线程是独立的执行流。这意味着程序可以同时执行多个任务。但在大多数Python 3实现中，不同的线程并不是真正同时执行的——它们只是看起来像是同时执行。

关键特点

• 并发但不是并行：由于GIL（全局解释器锁）的存在，同一解释器时刻同一个解释器只有一个线程可以执行Python字节码
• 适用场景：I/O密集型任务（文件操作、网络请求）
• 不适用场景：CPU密集型任务（建议使用multiprocessing）

线程 vs 进程

特性	线程	进程
内存空间	共享同一进程的内存	独立的内存空间
创建开销	小	大
GIL影响	受限于GIL	不受GIL限制
适用场景	I/O密集型	CPU密集型

为什么仍需要多线程

多线程的价值体现在非 CPU 密集型场景中，尤其是I/O 密集型任务：

1. IO密集任务：网络请求、文件读写、数据库交互等，线程会主动释放GIL
2. 简单并发逻辑：程序监听用户的输入请求，处理数据等；
3. 禁止在CPU密集任务里使用多线程；

创建和启动线程

方法1：传递函数


    
    
    
  import threading
import time
import logging

def thread_function(name):
    logging.info(f"Thread {name}: starting")
    time.sleep(2)
    logging.info(f"Thread {name}: finishing")

if __name__ == "__main__":
    # 配置日志
    logging.basicConfig(
        format="%(asctime)s: %(message)s",
        level=logging.INFO,
        datefmt="%H:%M:%S"
    )
    
    # 创建线程
    x = threading.Thread(target=thread_function, args=(1,))
    
    # 启动线程
    x.start()
    
    # 等待线程完成
    x.join()
    
    logging.info("Main: all done")

方法2：继承Thread类


    
    
    
  class MyThread(threading.Thread):
    def __init__(self, name):
        super().__init__()
        self.name = name
    
    def run(self):
        logging.info(f"Thread {self.name}: starting")
        time.sleep(2)
        logging.info(f"Thread {self.name}: finishing")

# 使用
thread = MyThread("Worker")
thread.start()
thread.join()

创建多个线程


    
    
    
  threads = []
for index in range(3):
    logging.info(f"Main: create and start thread {index}")
    x = threading.Thread(target=thread_function, args=(index,))
    threads.append(x)
    x.start()

# 等待所有线程完成
for index, thread in enumerate(threads):
    logging.info(f"Main: before joining thread {index}")
    thread.join()
    logging.info(f"Main: thread {index} done")

守护线程

守护线程是在后台运行的线程，当程序退出时会立即终止。

特点

• 主程序不会等待守护线程完成
• 适用于后台任务（如日志记录、心跳检测）
• 资源可能无法正常清理

创建守护线程


    
    
    
  # 方法1：构造函数设置
x = threading.Thread(target=thread_function, args=(1,), daemon=True)

# 方法2：属性设置
x = threading.Thread(target=thread_function, args=(1,))
x.daemon = True
x.start()

示例对比

非守护线程（程序等待线程完成）：


    
    
    
  Main: before creating thread
Main: before running thread
Thread 1: starting
Main: wait for the thread to finish
Main: all done
Thread 1: finishing  # 在主程序后完成

守护线程（程序不等待）：


    
    
    
  Main: before creating thread
Main: before running thread
Thread 1: starting
Main: wait for the thread to finish
Main: all done
# Thread 1 被强制终止，没有finishing消息

使用ThreadPoolExecutor

ThreadPoolExecutor提供了更简洁的方式来管理线程池。

基本用法


    
    
    
  import concurrent.futures

def thread_function(name):
    logging.info(f"Thread {name}: starting")
    time.sleep(2)
    logging.info(f"Thread {name}: finishing")

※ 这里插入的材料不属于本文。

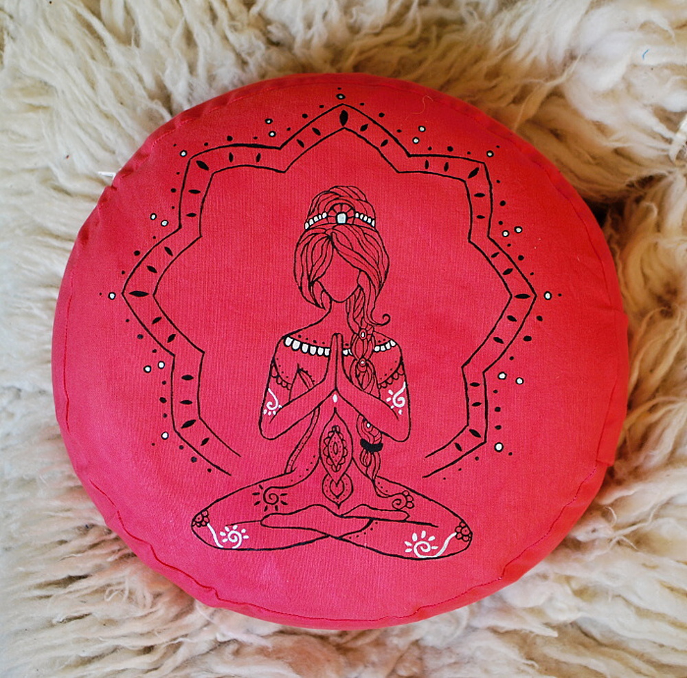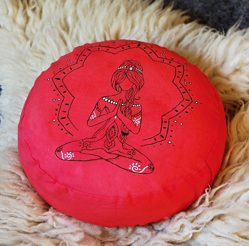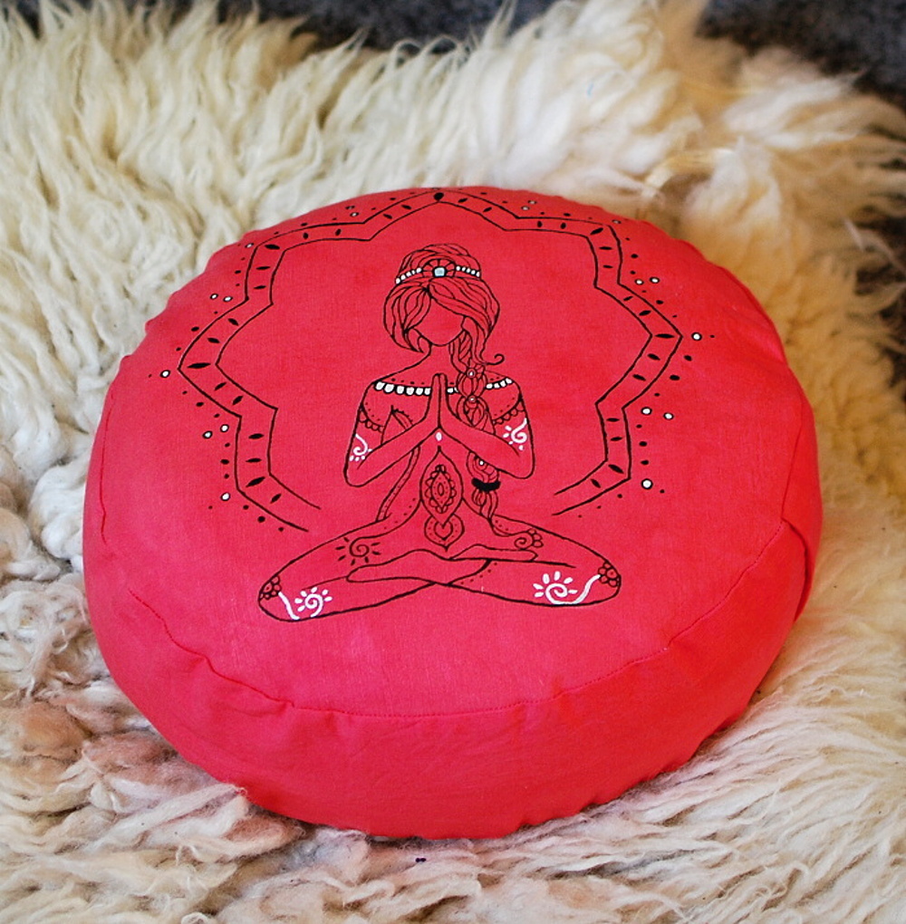 Meditační polštář v lososové barvě s ruční malbou. Vnější obal je ušitý z pevného bavlněného plátna se zapínáním na zip. Vnitřní obal je z tenké bavlněné látky, se zapínáním také na zip, aby bylo možné náplň snadno vyměnit. Malba i barvení kvalitními barvami na textil. Polštář je plněný bio pohankovými slupkami. Náplně je více, aby bylo možné slupky odsypat a vytvořit si pohodlí sobě vlastní.

if __name__ == "__main__":
    # 创建包含3个工作线程的线程池
    with concurrent.futures.ThreadPoolExecutor(max_workers=3) as executor:
        executor.map(thread_function, range(3))

提交单个任务


    
    
    
  with concurrent.futures.ThreadPoolExecutor(max_workers=2) as executor:
    # 提交任务
    future = executor.submit(thread_function, "Worker-1")
    
    # 等待结果（可选）
    result = future.result()

处理返回值


    
    
    
  def calculate(n):
    return n * n

with concurrent.futures.ThreadPoolExecutor(max_workers=3) as executor:
    # 提交多个任务
    futures = [executor.submit(calculate, i) for i in range(5)]
    
    # 获取结果
    for future in concurrent.futures.as_completed(futures):
        result = future.result()
        print(f"Result: {result}")

竞态条件

竞态条件是多线程编程中最常见的问题之一，发生在多个线程同时访问和修改共享数据时。

问题示例


    
    
    
  class FakeDatabase:
    def __init__(self):
        self.value = 0
    
    def update(self, name):
        logging.info(f"Thread {name}: starting update")
        # 读取值
        local_copy = self.value
        # 修改值
        local_copy += 1
        # 模拟延迟
        time.sleep(0.1)
        # 写回值
        self.value = local_copy
        logging.info(f"Thread {name}: finishing update")

# 测试
database = FakeDatabase()
logging.info(f"Testing update. Starting value is {database.value}")

with concurrent.futures.ThreadPoolExecutor(max_workers=2) as executor:
    for index in range(2):
        executor.submit(database.update, index)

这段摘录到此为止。